Oil was choppy but ultimately net lower on the week. Possibly influenced by the latest round of PMI updates.  Global PMI’s were more optimistic than expected, but still net contractionary, signaling economic slowdown ahead. 

Price Action Probabilities This Week: 

Risk sentiment probabilities: Broad risk sentiment has recently been shifting positive on rising probabilities that we may be passing a peak inflation environment and peak aggressiveness with regards to rate hikes. 

But U.S. CPI may be a large X-Factor for overall risk sentiment. It will be released 1 hour and 30 minutes ahead of the BOC event, and may have a significant influence on broad risk sentiment during the rest of the Wednesday trading session.

A lower read in the pace of inflation may spark “risk-on sentiment” as it supports the idea of the Fed holding off on hiking interest rates aggressively, possibly opening up the possibility of a pivot. 

This may overshadow the BOC statement, especially if we get a big divergence between actual and expected U.S. CPI numbers. 

Loonie scenarios: 

Potential Scenario 1:  

BOC continues to pause, but with a more dovish tone this time around. And if market sentiment is leaning broadly risk-off, then it may draw in CAD sellers short-term if not priced in beforehand.

In this scenario, we’ll likely see mixed CAD performance against the majors, but likely net lower overall, especially if the risk environment is extremely negative and/or oil trends lower during the week. 
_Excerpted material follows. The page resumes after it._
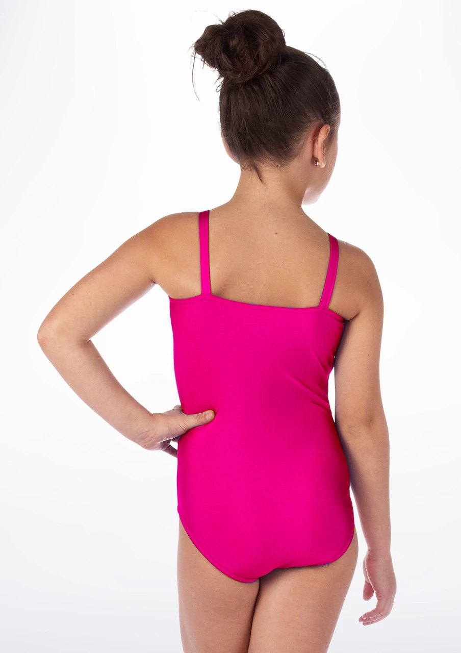 This Cleo leotard by Alegra is a beautiful middleground between simple and showstopper because of the classic camisole style being coupled with shiny Nylon stretch fabric. Under the stage lights, this leotard dazzles, making it the perfect show costume. With over 20 colours to choose from, you can find your school’s colours and have your troupe all looking identical.

Odds of this scenario rises if the U.S. CPI release comes in hotter-than-expected, raising odds of central banks keeping interest rates high, likely shifting risk sentiment negatively. 

Watch CAD/JPY, CAD/CHF, and GBP/CAD for potential short-term short CAD setups in this scenario, especially if oil prices are trending lower. 

Potential Scenario 2: 

BOC continues to pause, and with a more dovish tone this time around. Broad risk sentiment leans positive, which may play out if the U.S. CPI release comes in colder-than-expected, supporting a pause in Fed monetary policy tightening behavior, and possibly even a policy pivot if economic data worsens. 

CAD/JPY, CAD/CHF, and USD/CAD will be the pairs to watch for short-term long CAD setups in this scenario, especially if oil is trending higher with a fresh bullish oil catalyst. 

Bullish CAD runs may be limited, depending on how hawkish/dovish the BOC may sound during their statement.